::: INFORMATION PROVIDED :::

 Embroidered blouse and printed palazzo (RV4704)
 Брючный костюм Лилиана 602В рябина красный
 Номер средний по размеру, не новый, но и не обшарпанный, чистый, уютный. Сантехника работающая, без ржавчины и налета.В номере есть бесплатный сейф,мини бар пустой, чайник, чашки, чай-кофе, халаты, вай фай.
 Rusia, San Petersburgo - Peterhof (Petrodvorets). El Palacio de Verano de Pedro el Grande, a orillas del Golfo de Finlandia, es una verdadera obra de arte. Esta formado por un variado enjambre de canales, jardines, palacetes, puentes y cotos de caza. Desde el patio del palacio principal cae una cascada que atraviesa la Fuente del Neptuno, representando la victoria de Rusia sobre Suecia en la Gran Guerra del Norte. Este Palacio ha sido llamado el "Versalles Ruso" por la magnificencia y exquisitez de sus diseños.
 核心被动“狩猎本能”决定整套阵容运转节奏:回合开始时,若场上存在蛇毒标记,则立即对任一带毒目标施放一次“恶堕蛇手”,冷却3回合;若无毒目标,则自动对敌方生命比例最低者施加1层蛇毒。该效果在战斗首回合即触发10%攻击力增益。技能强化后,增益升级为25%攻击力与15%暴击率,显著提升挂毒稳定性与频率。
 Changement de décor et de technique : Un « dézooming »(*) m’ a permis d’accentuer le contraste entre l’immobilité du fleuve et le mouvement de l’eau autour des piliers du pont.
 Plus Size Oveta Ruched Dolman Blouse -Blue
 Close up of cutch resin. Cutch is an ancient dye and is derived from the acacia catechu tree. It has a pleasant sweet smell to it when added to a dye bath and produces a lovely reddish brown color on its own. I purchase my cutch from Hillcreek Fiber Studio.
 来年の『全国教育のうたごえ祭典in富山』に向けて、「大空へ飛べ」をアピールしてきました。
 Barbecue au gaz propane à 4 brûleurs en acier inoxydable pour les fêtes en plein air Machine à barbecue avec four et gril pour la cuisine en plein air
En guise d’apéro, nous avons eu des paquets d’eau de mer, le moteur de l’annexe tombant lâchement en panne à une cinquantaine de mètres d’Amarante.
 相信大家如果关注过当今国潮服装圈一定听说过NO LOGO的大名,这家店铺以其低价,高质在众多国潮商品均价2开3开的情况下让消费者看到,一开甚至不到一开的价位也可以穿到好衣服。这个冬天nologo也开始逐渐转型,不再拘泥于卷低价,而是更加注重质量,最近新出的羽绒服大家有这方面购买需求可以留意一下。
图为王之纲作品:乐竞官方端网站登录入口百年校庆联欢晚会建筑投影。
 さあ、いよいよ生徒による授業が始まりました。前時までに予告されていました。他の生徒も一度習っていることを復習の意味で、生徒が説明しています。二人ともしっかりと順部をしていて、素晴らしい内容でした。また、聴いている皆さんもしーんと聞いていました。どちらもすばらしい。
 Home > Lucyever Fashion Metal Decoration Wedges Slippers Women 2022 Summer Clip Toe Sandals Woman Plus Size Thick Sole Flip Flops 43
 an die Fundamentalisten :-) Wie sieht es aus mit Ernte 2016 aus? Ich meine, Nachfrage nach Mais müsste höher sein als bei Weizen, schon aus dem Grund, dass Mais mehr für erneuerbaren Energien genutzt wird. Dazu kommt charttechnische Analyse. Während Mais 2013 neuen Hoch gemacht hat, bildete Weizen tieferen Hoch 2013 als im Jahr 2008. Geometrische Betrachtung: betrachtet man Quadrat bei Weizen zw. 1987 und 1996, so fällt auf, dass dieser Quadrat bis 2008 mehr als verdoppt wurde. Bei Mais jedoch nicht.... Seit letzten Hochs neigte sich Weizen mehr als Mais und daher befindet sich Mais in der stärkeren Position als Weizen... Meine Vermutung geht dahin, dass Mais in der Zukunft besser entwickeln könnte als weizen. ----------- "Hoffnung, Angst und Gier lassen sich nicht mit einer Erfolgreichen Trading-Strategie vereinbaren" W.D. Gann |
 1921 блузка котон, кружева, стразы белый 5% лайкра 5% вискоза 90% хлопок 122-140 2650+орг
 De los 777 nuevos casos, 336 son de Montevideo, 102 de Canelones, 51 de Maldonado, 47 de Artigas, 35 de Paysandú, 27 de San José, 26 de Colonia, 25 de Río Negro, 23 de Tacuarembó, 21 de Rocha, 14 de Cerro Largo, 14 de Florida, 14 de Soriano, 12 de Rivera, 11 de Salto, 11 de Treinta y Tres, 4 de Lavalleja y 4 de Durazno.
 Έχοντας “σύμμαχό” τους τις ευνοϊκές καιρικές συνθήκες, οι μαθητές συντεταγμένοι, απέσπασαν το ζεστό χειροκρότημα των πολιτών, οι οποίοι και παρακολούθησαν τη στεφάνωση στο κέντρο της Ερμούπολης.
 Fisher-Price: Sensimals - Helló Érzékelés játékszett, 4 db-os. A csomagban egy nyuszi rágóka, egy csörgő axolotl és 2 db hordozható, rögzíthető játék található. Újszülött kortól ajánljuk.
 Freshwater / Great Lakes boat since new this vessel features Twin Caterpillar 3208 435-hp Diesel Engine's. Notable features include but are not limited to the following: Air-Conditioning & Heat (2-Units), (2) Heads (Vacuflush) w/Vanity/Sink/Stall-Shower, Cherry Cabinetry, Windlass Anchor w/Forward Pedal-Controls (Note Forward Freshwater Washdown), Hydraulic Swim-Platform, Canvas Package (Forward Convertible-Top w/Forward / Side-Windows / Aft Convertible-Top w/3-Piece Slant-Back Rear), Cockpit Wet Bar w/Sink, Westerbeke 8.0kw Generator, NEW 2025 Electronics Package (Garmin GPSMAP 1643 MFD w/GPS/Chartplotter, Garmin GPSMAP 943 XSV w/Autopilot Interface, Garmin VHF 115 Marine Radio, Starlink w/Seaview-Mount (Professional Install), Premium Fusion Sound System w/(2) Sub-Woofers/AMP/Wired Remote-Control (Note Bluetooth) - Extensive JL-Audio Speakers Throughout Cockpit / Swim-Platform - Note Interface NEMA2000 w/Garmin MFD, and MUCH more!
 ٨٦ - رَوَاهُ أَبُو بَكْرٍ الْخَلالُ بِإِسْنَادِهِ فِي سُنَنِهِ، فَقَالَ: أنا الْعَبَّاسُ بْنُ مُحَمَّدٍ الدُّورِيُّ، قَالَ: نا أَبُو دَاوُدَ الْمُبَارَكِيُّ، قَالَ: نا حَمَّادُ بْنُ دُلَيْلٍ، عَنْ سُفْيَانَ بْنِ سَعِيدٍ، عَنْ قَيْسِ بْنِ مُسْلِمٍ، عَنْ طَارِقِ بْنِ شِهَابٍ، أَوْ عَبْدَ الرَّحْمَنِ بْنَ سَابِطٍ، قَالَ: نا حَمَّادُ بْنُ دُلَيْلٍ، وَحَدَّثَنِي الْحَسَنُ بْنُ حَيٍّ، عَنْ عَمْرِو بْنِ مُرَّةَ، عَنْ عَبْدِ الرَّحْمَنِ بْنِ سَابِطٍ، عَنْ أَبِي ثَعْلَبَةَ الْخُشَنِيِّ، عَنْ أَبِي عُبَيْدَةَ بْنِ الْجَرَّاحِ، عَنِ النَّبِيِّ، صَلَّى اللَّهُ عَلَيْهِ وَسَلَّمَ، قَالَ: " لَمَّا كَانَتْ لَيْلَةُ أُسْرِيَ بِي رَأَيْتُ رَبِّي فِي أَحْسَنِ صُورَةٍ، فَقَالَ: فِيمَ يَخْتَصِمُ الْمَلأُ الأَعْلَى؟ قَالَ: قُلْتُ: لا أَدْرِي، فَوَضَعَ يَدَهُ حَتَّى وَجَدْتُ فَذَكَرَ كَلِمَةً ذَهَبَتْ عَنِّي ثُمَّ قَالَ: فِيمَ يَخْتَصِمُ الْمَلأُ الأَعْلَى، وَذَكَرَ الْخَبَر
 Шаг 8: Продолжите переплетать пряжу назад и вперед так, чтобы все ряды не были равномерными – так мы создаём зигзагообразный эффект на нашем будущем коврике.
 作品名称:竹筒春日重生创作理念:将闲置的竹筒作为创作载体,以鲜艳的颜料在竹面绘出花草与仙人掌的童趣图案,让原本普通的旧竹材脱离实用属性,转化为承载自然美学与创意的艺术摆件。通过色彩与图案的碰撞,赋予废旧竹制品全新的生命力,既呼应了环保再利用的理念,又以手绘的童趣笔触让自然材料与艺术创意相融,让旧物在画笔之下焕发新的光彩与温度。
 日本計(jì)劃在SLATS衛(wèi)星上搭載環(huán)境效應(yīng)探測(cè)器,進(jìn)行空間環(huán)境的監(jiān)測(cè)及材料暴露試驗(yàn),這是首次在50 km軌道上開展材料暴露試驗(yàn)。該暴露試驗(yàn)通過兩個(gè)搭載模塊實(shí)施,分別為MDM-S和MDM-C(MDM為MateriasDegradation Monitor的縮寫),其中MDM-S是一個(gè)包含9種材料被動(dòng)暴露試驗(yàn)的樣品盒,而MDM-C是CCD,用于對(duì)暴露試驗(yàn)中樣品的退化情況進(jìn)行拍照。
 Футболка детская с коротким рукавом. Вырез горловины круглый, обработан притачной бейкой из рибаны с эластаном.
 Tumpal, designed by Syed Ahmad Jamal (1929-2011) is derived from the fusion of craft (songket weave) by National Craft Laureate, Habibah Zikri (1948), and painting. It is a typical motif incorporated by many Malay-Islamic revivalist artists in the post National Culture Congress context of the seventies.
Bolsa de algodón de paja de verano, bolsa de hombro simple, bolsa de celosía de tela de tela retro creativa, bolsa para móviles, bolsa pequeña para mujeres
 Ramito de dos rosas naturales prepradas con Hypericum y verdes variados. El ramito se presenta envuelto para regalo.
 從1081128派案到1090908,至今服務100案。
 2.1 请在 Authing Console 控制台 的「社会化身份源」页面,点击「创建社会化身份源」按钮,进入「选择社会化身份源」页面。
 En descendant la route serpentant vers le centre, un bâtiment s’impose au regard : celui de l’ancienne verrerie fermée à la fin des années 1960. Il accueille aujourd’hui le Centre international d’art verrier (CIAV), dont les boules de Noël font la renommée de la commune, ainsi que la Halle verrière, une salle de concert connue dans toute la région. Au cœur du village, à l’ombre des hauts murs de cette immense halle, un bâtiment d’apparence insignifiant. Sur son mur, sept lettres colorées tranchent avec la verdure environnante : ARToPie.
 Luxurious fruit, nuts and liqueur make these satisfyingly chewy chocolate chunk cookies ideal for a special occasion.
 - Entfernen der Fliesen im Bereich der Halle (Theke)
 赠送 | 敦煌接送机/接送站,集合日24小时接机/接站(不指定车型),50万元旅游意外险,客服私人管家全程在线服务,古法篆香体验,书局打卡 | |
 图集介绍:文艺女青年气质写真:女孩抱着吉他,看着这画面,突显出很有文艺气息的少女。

:::

§ WHAT TO PRODUCE: Reproduce every line of the listing above in which the string "Plus" appears.

§ SOLUTION BELOW:
 Plus Size Oveta Ruched Dolman Blouse -Blue
 Home > Lucyever Fashion Metal Decoration Wedges Slippers Women 2022 Summer Clip Toe Sandals Woman Plus Size Thick Sole Flip Flops 43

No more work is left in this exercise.